SOURCE MATERIAL:
· · · · ·

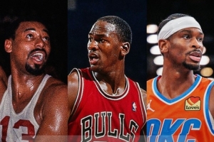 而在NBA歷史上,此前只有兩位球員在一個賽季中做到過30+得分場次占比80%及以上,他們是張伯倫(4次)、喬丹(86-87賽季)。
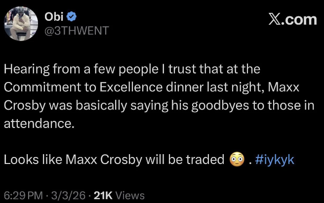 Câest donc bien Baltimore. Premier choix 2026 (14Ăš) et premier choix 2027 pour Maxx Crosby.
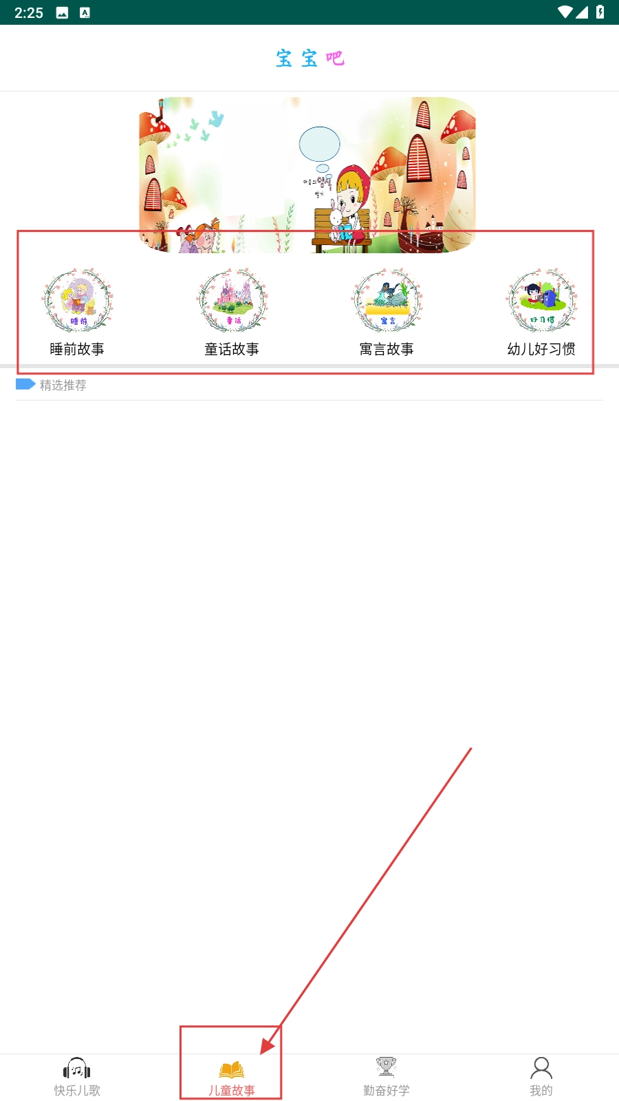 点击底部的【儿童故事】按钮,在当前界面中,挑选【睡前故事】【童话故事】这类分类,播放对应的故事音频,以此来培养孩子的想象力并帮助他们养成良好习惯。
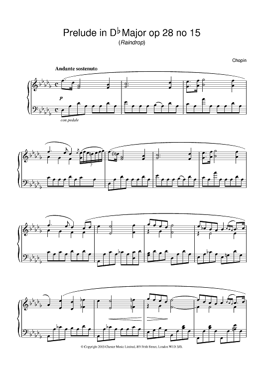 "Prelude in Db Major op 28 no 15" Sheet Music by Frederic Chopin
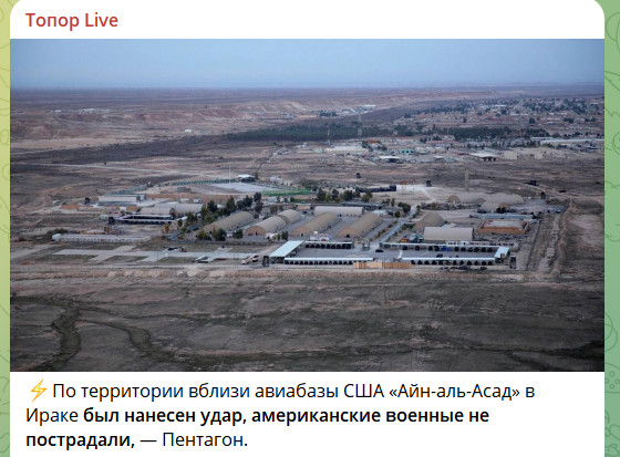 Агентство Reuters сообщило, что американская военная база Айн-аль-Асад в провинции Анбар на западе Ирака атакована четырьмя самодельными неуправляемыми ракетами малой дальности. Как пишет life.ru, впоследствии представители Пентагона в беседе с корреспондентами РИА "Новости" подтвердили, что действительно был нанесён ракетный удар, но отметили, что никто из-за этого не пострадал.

· · · · ·

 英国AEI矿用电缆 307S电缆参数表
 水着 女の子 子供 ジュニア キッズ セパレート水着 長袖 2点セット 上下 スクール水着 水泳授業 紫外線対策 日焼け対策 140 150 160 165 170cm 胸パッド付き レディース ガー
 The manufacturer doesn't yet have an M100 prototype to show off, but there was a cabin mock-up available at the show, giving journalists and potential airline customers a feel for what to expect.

· · · · ·

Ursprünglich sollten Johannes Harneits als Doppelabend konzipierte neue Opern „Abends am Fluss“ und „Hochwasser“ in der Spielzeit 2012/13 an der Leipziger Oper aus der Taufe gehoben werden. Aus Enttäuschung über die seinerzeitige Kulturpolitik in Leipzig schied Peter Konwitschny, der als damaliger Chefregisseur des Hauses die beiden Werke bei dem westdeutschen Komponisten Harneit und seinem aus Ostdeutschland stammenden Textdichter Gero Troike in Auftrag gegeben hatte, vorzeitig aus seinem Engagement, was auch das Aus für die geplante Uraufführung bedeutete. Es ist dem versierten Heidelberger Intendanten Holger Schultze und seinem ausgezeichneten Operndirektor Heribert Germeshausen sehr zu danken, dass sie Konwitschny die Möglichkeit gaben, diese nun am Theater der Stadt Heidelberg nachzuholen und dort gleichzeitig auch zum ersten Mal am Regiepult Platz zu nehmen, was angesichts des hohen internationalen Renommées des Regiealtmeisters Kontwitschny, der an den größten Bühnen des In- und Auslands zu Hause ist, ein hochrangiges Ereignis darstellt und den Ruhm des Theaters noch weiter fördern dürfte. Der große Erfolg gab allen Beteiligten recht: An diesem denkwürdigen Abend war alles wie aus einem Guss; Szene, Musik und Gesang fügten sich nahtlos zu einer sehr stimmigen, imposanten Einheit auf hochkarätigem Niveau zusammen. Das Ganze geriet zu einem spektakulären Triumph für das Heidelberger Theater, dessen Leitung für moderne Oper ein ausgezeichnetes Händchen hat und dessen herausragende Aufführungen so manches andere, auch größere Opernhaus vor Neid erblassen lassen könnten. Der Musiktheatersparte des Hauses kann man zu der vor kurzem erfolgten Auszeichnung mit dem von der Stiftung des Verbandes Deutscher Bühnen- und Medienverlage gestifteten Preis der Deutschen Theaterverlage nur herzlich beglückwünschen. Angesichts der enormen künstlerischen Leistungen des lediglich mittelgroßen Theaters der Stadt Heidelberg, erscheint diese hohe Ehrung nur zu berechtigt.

· · · · ·

WORK TO BE COMPLETED: Every line above in the stretch from the one with "by Frederic Chopin" through the one with "Агентство Reuters сообщило, что" is to be transcribed exactly, ends included. No picture is copied.

RESPONSE:
 "Prelude in Db Major op 28 no 15" Sheet Music by Frederic Chopin
 Агентство Reuters сообщило, что американская военная база Айн-аль-Асад в провинции Анбар на западе Ирака атакована четырьмя самодельными неуправляемыми ракетами малой дальности. Как пишет life.ru, впоследствии представители Пентагона в беседе с корреспондентами РИА "Новости" подтвердили, что действительно был нанесён ракетный удар, но отметили, что никто из-за этого не пострадал.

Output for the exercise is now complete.